Lieutenant Colonel (LTC): 

Your assignment might be as a Battalion Commander in charge of hundreds of soldiers or a General Staff Officer in a Division or Corps.  Outstanding performance will merit more and more challenging positions.  Some Officers are selected for the Army War College, where they become experts at their profession.  Promotion to Lieutenant Colonel takes about 16 years.

Colonel (COL): 

At this phase in your military career, the Army takes maximum advantage of your talents.  This means you will be assigned as a Brigade Commander in charge of thousands of soldiers or director of a large staff.  Your technical skills and accumulated executive talents will be put to the test.  This is the senior level of responsibility.  You are a top executive.  Promotion to Colonel takes about 22 years.

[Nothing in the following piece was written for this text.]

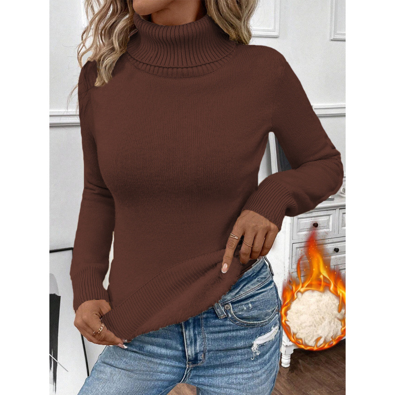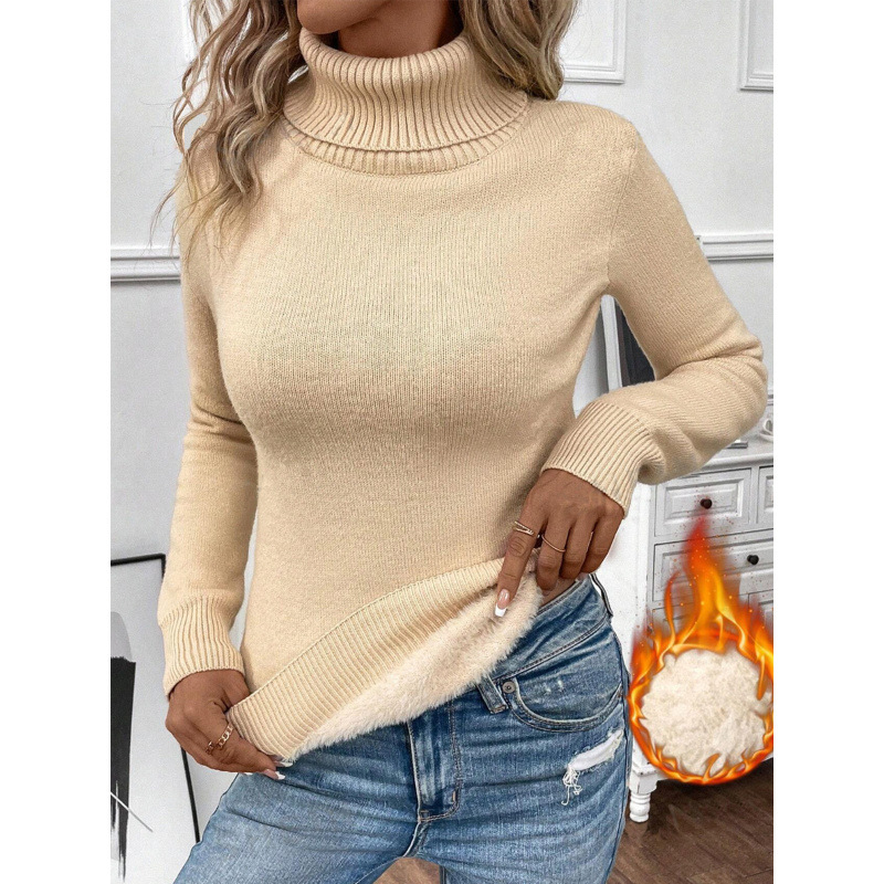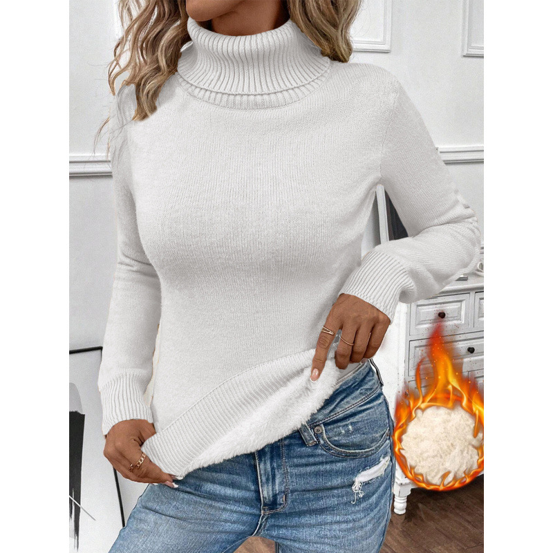 기모 두꺼운 터틀넥 스웨터 여성의 2024 내부 따뜻한 풀오버 서양식 원피스 밍크 니트베이스 셔츠 봄과 여름

General Officer (Brigadier General; Major General; Lieutenant General; and General)

Officers who demonstrate extraordinary leadership and executive abilities are selected to become General Officers; the CEO's of the Army.  They do nothing less than run the Army.  From Division Commanders to Post Commanders to high level staff positions, General Officers are responsible for maintaining an efficient and effective Army. Promotion to General takes about 25 years.